Conversely, this means that the price increase means that you have less purchasing power for your money. A reduction in Purchasing power or inflation are the immediate consequences of the price increase. Inflation occurs, for example, when the demand is greater than the supply or a central body such as the European Central Bank (ECB) with a Measure like quantitative easing and an increase in the money supply intervened.


The inflation rate was inYear 2018 at 1.9%. Unstable petrol and heating oil prices were particularly hard hit. The monetary policy of the European Central Bank for the euro area can be identified as the reason for the high inflation rate, which increases the money supply.

What is the purchasing power?

The purchasing power briefly mentioned above is also a term that is frequently used in economics. This describes how much of goods or services you can buy with your money. So this is what this is about Exchange ratiobetweenMoney and goods or services.

In inflation, purchasing power decreases due to rising prices for goods and services. Price increases lead to a decrease in purchasing power. In contrast to this is the so-calleddeflation.

Differentiation between inflation and deflation

Deflation is the direct opposite of inflation. Here The prices of goods and fallServiceswhy at the same time the Purchasing powerincreases. With deflation, you get more goods or services for your money. In contrast to inflation, the Currency strengthened during deflation.

Deflation occurs, for example, when aggregate demand is lower than aggregate supply. It creates a so-calledSales crisis.


The last major inflation in Germany took place between 1914 and 1923. As a result of the First World War, the costs of everyday products fell massively. The devaluation was not long in coming. The oil price crisis in 1973/1974 also resulted in high inflation rates of up to 7%.

Why is inflation wanted?

Low inflation is wanted - especially on the part of the state. This uses inflation in some cases toNational debtdismantle. With more money in circulation, the national debt can be repaid more easily.
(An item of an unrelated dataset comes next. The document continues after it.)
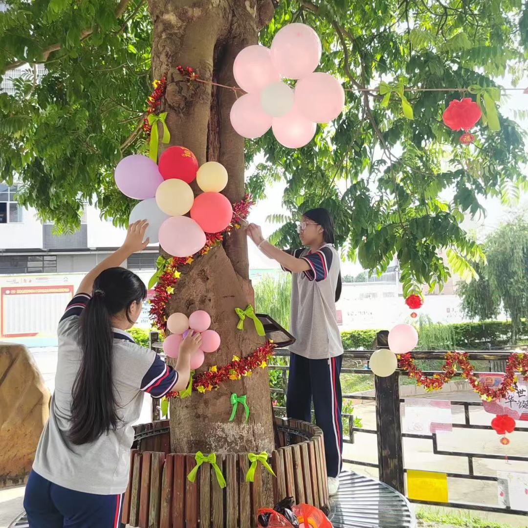 為慶祝中華人民共和國成立76周年與中秋佳節(jié),弘揚(yáng)中華優(yōu)秀傳統(tǒng)文化,厚植學(xué)生家國情懷,營造熱烈喜慶的校園節(jié)日氛圍,強(qiáng)化勞動(dòng)教育,融合“五育并舉”,郁南縣實(shí)驗(yàn)中學(xué)于9月22—29日成功舉辦了"巧手繪中秋,同心賀國慶"主題校園裝飾評比活動(dòng)。

The real value of the debt is falling.

Further the economy benefits from a low inflation rate. Consumers are encouraged to purchase more goods and services. It is also with one low inflation also makes it cheaper to borrow money. This also stimulates the economy as a whole, since it is not uncommon for loans to be taken out for consumption (consumer debt).


The aim of the monetary policy of the European Central Bank is an annual inflation rate of 2%. The ECB takes active measures to influence the level of the annual inflation rate in the euro area.
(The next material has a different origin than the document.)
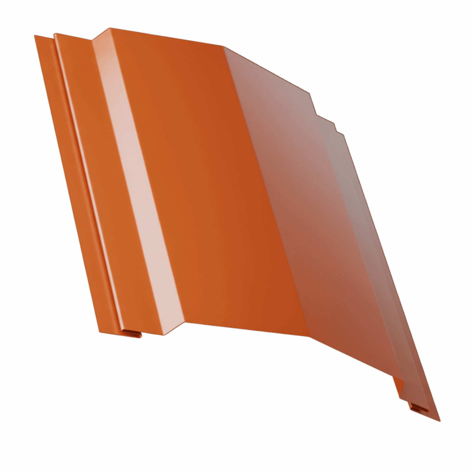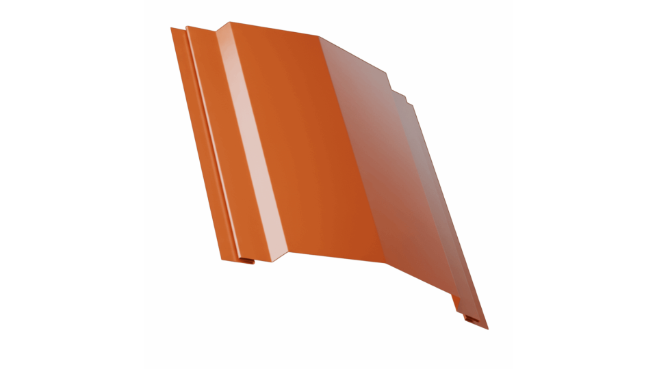 Планка конька для сэндвич-панелей 0,45 PE RAL 2004 закрывает верхний стык скатов кровли, защищая утеплитель и металл от влаги, снега и пыли и одновременно придавая крыше аккуратный законченный вид. Яркий оранжевый цвет по шкале RAL 2004 позволяет поддержать фирменный стиль фасада или выделить кровлю на фоне стандартных серых и коричневых зданий.

What is the optimal inflation or why 2% is desired?

Low interest rates do not generate any interest income and a lack of wage increases slows down consumer spending, which ultimately has an impact on company shares. If inflation is too high, the effect risks tipping over again. Interest rates are rising massively, money is becoming more expensive for everyone.

But what exactly is optimal inflation? According to the ECB, inflation should be close to 2%. The primary goal of a central bank is price stability. However, this does not mean that prices will remain the same in the long term. It depends on the overall structure and economic development.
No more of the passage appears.